Все темы в искусстве – о смерти или о любви. По большому счету, тут даже не нужно вспоминать про столько-то мировых сюжетов, по которым можно разложить всю мировую литературу как пасьянс – и Жорж Польти, и Кристофер Букер, и четыре сюжета Борхеса здесь не нужны. Любовь спасёт мир, но жизнь - тлен, смерть неизбежна. Не удивительно, что именно «Белый шум» стал для Дона Делилло «прорывом к читателю», как любят писать критики – в самом деле, чем же ещё прорываться, как не извечной темой о смерти, которую все боятся?
Главный герой «Белого шума» Джек Глэнди живёт в маленьком американском городке Блэксмит, и у него всё как положено – дом, машина, семья, телевизор. С супругой по имени Бабетта они вместе растят всех своих детей от разных браков (у Джека их, к примеру, было пять). Американская мечта во плоти - наконец-то любовь до гроба, традиционные поездки в супермаркет по выходным, семейные ужины с беседами о разном, успешная карьера. Джек работает на кафедре гитлероведения – где, понятно, изучает Гитлера, как блоху под микроскопом. У нас бы такой специалист не вылезал из ток-шоу «Пусть говорят», но у Делилло Джек ведёт вполне размеренный образ жизни и самое экстравагантное, что он делает - вылезает на крышу посмотреть в бинокль на внезапную аварию, где столкнулись две цистерны, из-за которых над городом повисло загадочное и, разумеется, ядовито-смертельное облако.

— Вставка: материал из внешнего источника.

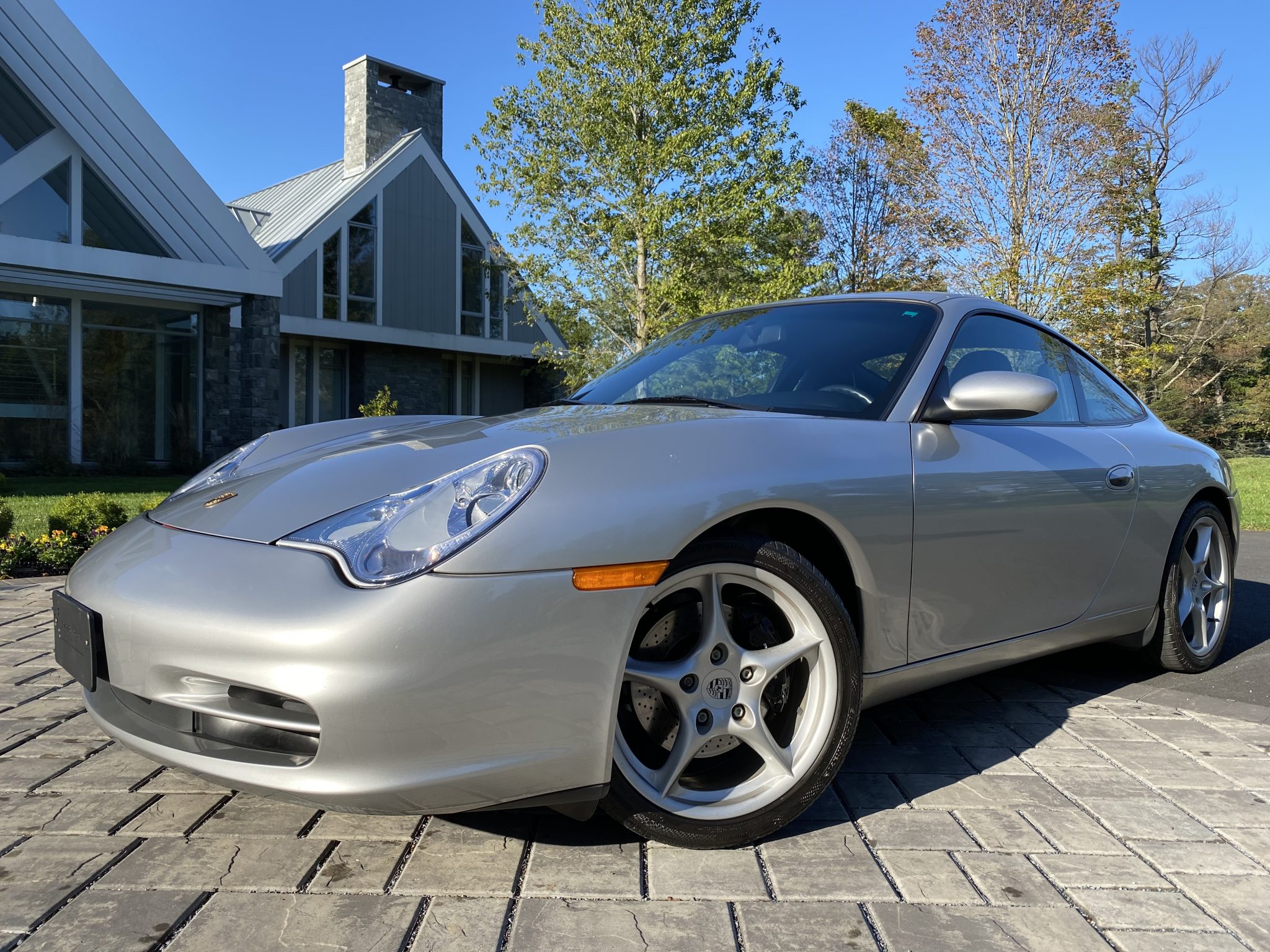 Factory 18″ wheels are mounted with 225/40 and 285/30 Continental Sport Contact 2 tires that show date codes from 2001. Stopping power is provided by black-painted brake calipers with white Porsche lettering fitted over cross-drilled rotors at each corner.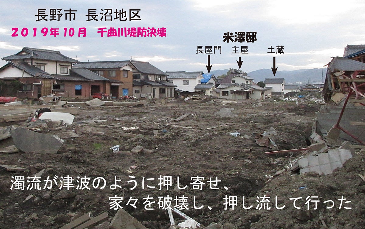 200年前(1818年・文政元年)創建の古民家「米澤邸」は、すぐ横を濁流が押し寄せたものの(冒頭の写真)、奇跡的に損壊を免れました。

После этого события, впрочем, экстравагантные поступки Джека не кончатся. Как выяснится позже, облако содержит в себе такие вещества, которые разрушительно влияют на психику человека - помимо прочего, он начинает думать о смерти, а потом и правда должен умереть. Но это не точно.
Дон Делилло – известный бытописатель американских нравов. Говорят, что никакой другой писатель не чувствует Америку так, как делает это он – словно бы он ментально подключён к какому-то радио-каналу, который транслирует ему прямо в мозг все внутренние колебания страны. Разумеется, имея такой приёмник, Делилло заодно стал ещё и пророком, регулярно предсказывая в своих книгах то волну террористических атак, то конкретно – 11 сентября 2001 года, то вот – сибирскую язву.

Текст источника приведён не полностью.